Is there any website that specializes in the sale of used converted vans for #vanlife/#rubbertramping? I'd travel to any state in the union for the right used van. Also any tips on buying used fleet vans? I hear those are really good deals as they are usually maintained really well. Thanks!


----------



## Matt Derrick (Jul 9, 2018)

Hmmm... i don't think there's anything out there in the mainstream... I would try looking at the vandwelling subreddit:

https://www.reddit.com/r/vandwellers/

dunno if you're interested in skoolies, but there's ... oh wait, i found a reddit just for you!

https://www.reddit.com/r/vandwellermarketplace/

but yeah, if you like buses:

https://www.reddit.com/r/SkoolieMarketplace/


----------



## zeevanlife (Jul 9, 2018)

Thank you so much. If I'm rubber tramping I"m committed to white stealth cargo vans.


----------



## mouse (Jul 9, 2018)

zeevanlife said:


> Thank you so much. If I'm rubber tramping I"m committed to white stealth cargo vans.

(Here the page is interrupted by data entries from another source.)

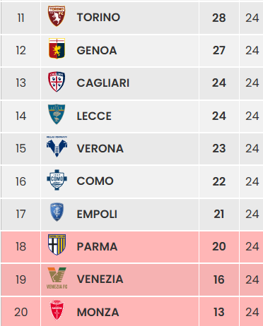 Per il resto, gli appuntamenti interessanti non mancano. Oltre naturalmente a Fiorentina-Como, match che stiamo snocciolando in tutte le salse con altri articoli. Il derelitto Monza ospiterà il Lecce: il ritorno di Nesta restituirà linfa ai brianzoli, oppure i salentini si prenderanno tre punti fondamentali per allontanarsi dalla zona rossa? Il Venezia è sicuramente più vivo rispetto al Monza e andrà a Genova con propositi bellicosi e probabilmente con più stimoli rispetto ai rossoblu. Risalendo la classifica troviamo il Parma, che rappresenta il limite del terzultimo posto: i ducali ospiteranno una Roma piena di scorie europee. Partite impegnative anche per Verona (in casa del Milan), Cagliari (a Bergamo, ma per Atalanta e Milan queste partite arrivano tra due turni fondamentali di Champions) ed Empoli (a Udine).
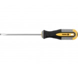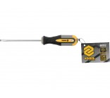 4x100 mm flat head screwdriver from Vorel 60952. Made of CrV chrome-vanadium steel. The tip has a satin finish, additionally sandblasted and magnetized, which enables a secure grip of the screw head. The handle was made of two composite plastic. The hole in the handle allows you to hang the screwdriver.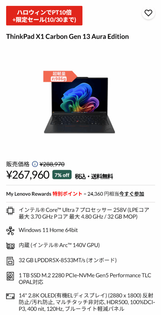 軽量・高性能・高品質の三拍子が揃ったThinkPad X1 Carbon Gen 13 Aura Edition。

Most of the vandwelling-related forums have a marketplace subforum, but I think craigslist would be easier. The trick will be figuring out how to find converted vans, since there is no name for DIY campers.

Here's a craigslist example around Santa Fe to give you an idea of how to craft more complex searches. Adapt as needed. Here's the RSS version you can load that up in a feed reader (RSS app) on your phone and you will only see new posts. Better living through technology.

*Edited to add: I forgot to mention that when you start looking at actual vans, you may want to get a 30day unlimited VIN searches from autocheck.com. They are like carfax but usually have better fleet/auction/commercial data. When I did it the cost was something like $50 for the month. Truly worth it. A VIN check and mechanic's inspection (usually $50-$100) can help identify lemons and money pits. Good luck to you, brother. *


----------



## roguetrader (Jul 10, 2018)

don't know about the US but eBay always has plenty of converted vans in the UK

also do you guys have vehicle disposal auctions available to the public ? sometimes a big concern like the Post Office will have 50 older vans they want to get rid of - sometimes they go for crazy low prices - bit of a gamble but you can usually look them over to some degree


----------